MATERIAL FOR THE TASK section start
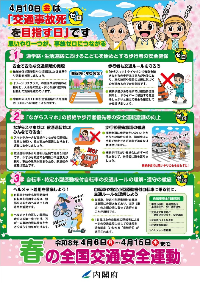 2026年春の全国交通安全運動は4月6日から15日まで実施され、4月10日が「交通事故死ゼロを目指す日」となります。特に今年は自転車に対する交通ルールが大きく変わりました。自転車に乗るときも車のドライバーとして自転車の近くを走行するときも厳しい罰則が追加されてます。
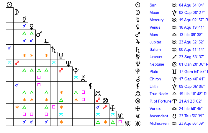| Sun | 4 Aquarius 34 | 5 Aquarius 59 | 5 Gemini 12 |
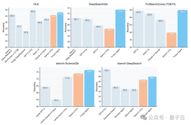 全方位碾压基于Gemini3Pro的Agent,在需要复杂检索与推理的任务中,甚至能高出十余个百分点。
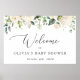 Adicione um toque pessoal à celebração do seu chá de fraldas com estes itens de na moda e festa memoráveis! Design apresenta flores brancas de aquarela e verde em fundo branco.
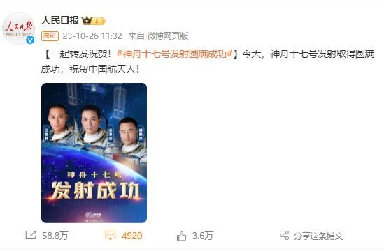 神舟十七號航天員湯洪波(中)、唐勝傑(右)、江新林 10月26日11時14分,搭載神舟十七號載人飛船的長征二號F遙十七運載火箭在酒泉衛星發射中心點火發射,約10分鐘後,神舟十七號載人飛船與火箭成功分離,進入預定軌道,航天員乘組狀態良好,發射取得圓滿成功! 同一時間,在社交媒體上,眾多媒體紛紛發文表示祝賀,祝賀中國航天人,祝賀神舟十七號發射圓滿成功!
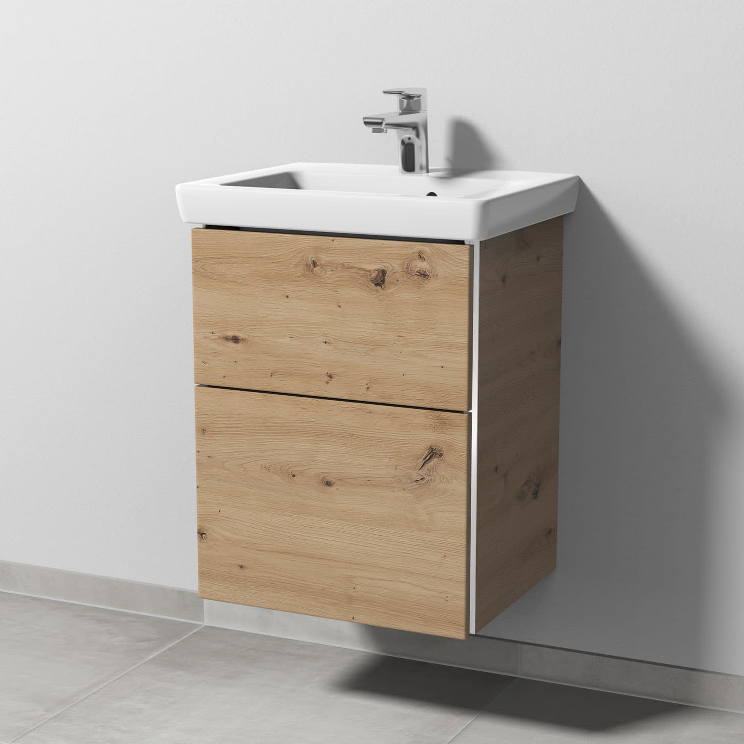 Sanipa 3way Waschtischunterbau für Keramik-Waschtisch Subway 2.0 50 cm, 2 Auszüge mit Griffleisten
MATERIAL FOR THE TASK section end
MATERIAL FOR THE TASK section start
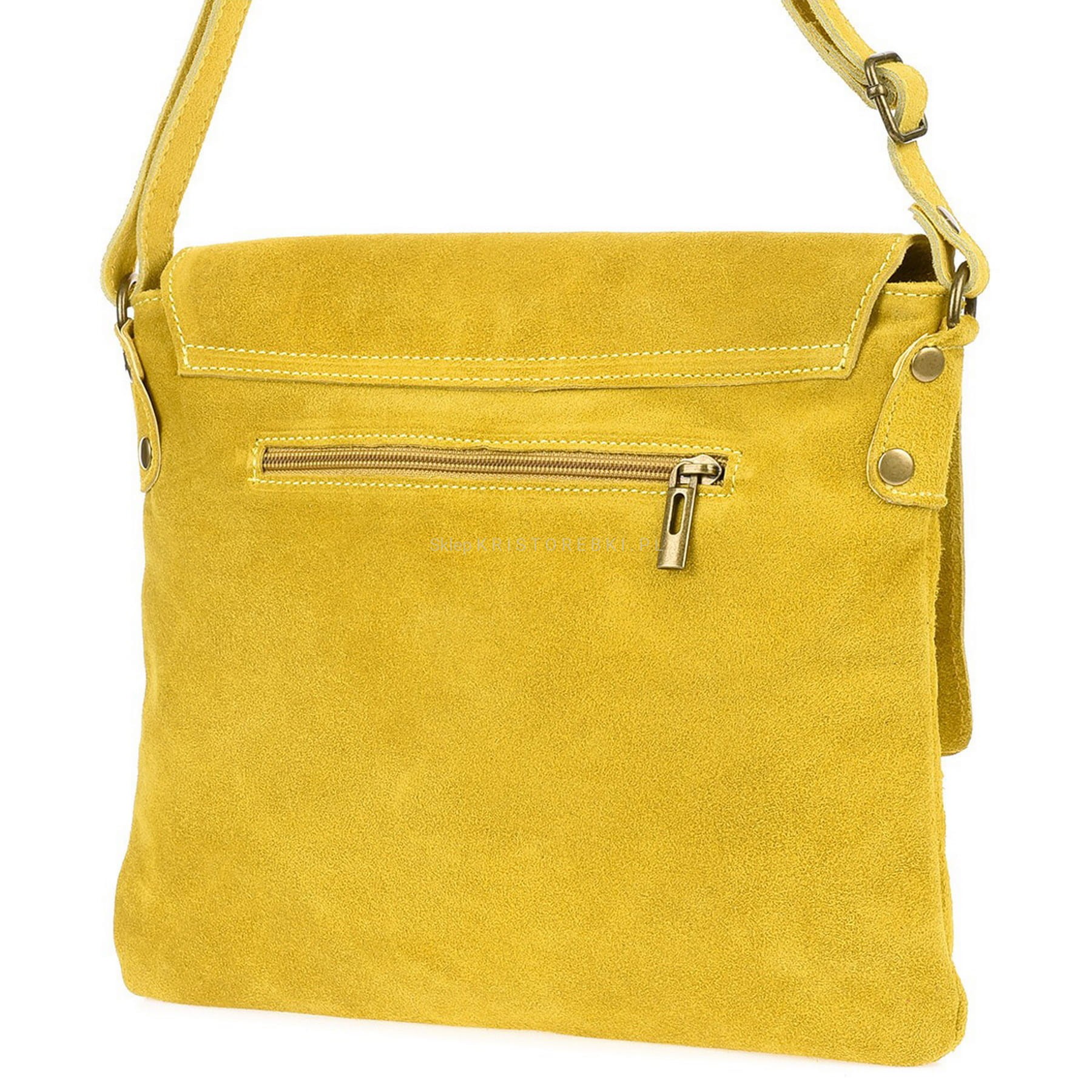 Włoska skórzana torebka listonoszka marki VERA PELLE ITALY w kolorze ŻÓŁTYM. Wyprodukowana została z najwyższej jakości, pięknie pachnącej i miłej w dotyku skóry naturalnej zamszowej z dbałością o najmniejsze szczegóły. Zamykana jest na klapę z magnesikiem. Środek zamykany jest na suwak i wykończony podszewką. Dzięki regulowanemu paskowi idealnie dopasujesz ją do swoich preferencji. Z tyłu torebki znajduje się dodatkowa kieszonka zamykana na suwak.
MATERIAL FOR THE TASK section end
MATERIAL FOR THE TASK section start
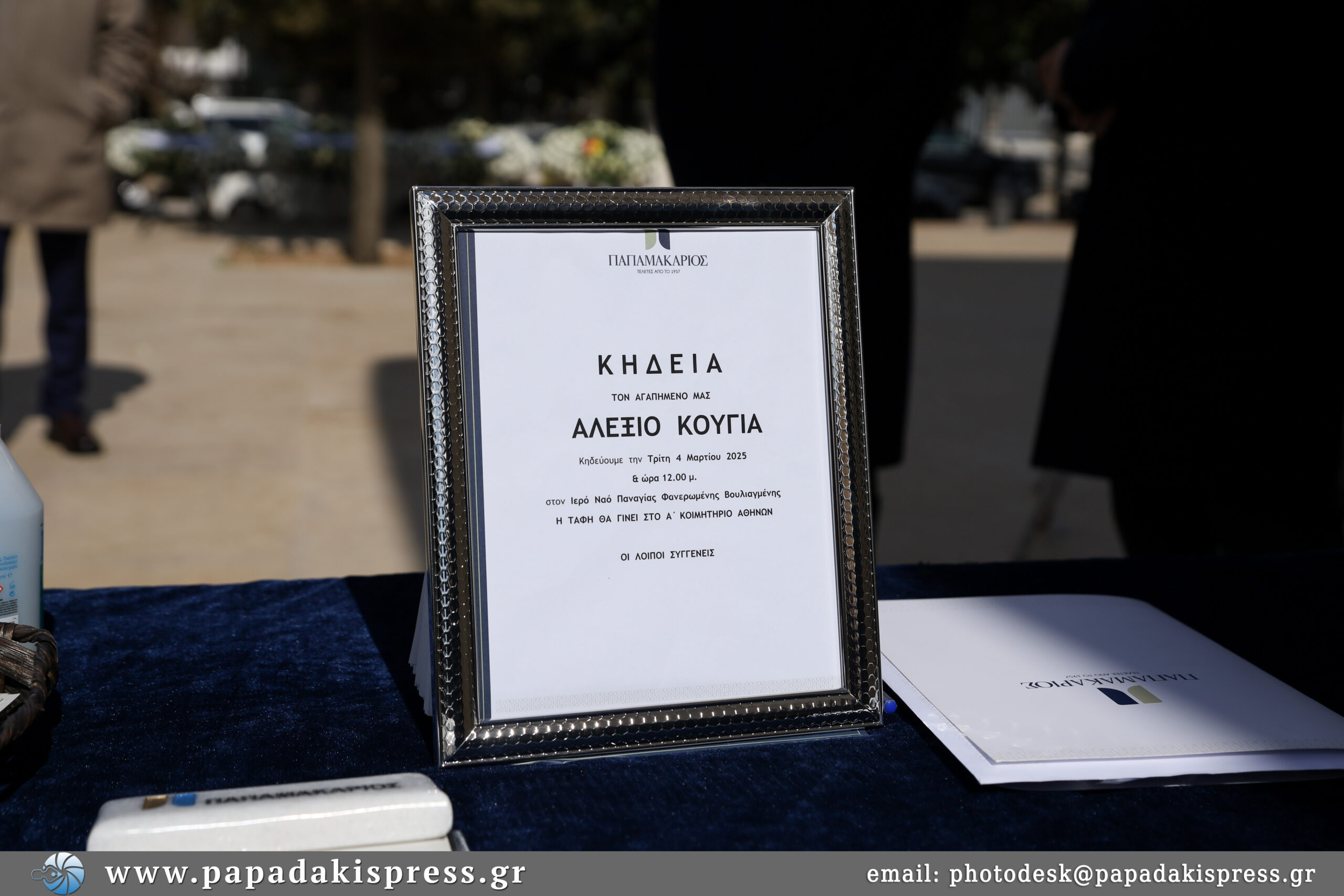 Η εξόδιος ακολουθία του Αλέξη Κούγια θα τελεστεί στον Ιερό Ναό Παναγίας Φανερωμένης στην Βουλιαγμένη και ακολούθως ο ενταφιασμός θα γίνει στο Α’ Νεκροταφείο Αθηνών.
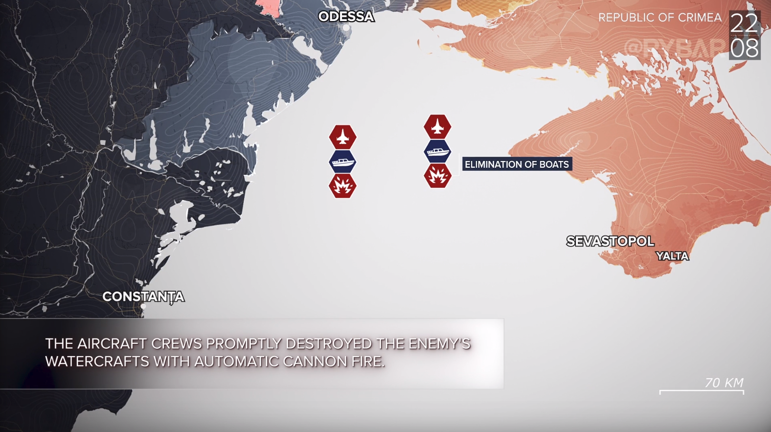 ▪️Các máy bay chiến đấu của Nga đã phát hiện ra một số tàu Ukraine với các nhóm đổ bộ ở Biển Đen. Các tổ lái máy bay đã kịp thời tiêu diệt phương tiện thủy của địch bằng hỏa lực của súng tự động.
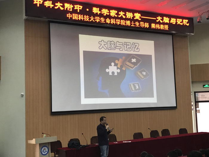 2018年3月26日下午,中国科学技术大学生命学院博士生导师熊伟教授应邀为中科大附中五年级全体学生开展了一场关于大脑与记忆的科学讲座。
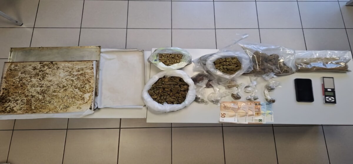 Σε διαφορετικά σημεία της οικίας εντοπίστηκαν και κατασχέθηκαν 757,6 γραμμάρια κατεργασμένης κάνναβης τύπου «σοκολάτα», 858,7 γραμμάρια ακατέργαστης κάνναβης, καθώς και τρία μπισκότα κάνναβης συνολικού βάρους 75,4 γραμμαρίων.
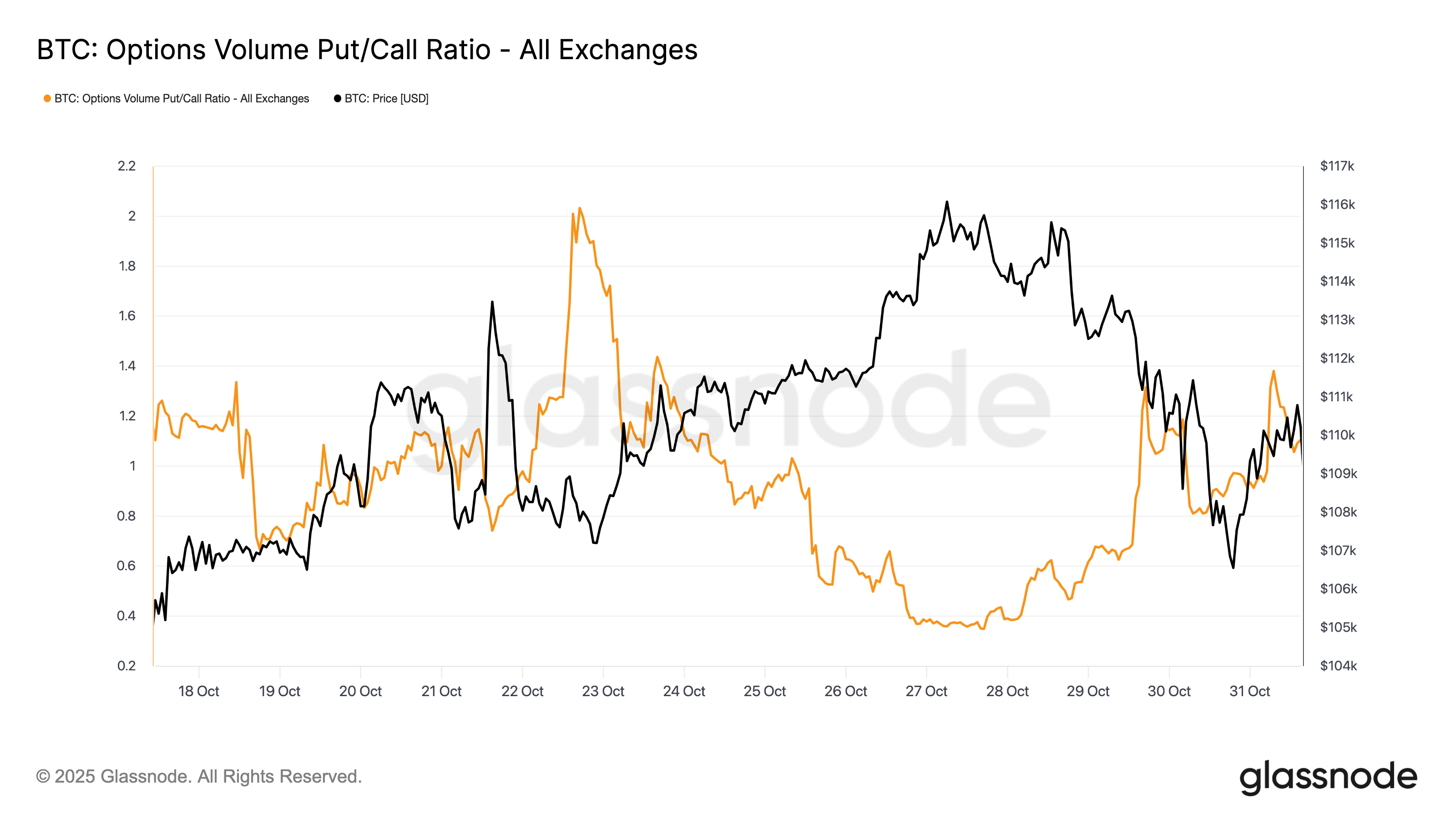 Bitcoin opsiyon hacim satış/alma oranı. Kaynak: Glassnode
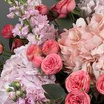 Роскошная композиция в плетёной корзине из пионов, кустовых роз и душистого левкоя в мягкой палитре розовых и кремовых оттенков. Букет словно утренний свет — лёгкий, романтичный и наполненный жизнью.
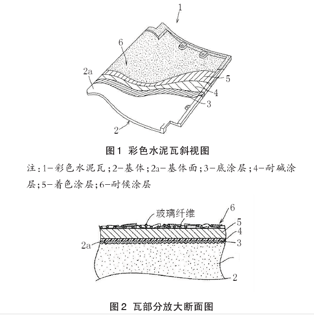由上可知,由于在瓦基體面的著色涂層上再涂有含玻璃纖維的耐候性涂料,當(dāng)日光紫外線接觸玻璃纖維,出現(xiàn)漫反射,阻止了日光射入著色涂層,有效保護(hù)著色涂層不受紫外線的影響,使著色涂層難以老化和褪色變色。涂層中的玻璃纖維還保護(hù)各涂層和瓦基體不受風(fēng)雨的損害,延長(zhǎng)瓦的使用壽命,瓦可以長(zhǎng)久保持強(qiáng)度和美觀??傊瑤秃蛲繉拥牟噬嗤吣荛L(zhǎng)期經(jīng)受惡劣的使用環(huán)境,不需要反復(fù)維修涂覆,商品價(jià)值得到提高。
MATERIAL FOR THE TASK section end
• **EXERCISE**: Output exactly the lines above, beginning at the one with "全方位碾压基于Gemini3" and stopping after the one with "Sanipa 3way Waschtischunterbau". Pictures are to be omitted.

• **THE ANSWER**:
 全方位碾压基于Gemini3Pro的Agent,在需要复杂检索与推理的任务中,甚至能高出十余个百分点。
 Adicione um toque pessoal à celebração do seu chá de fraldas com estes itens de na moda e festa memoráveis! Design apresenta flores brancas de aquarela e verde em fundo branco.
 神舟十七號航天員湯洪波(中)、唐勝傑(右)、江新林 10月26日11時14分,搭載神舟十七號載人飛船的長征二號F遙十七運載火箭在酒泉衛星發射中心點火發射,約10分鐘後,神舟十七號載人飛船與火箭成功分離,進入預定軌道,航天員乘組狀態良好,發射取得圓滿成功! 同一時間,在社交媒體上,眾多媒體紛紛發文表示祝賀,祝賀中國航天人,祝賀神舟十七號發射圓滿成功!
 Sanipa 3way Waschtischunterbau für Keramik-Waschtisch Subway 2.0 50 cm, 2 Auszüge mit Griffleisten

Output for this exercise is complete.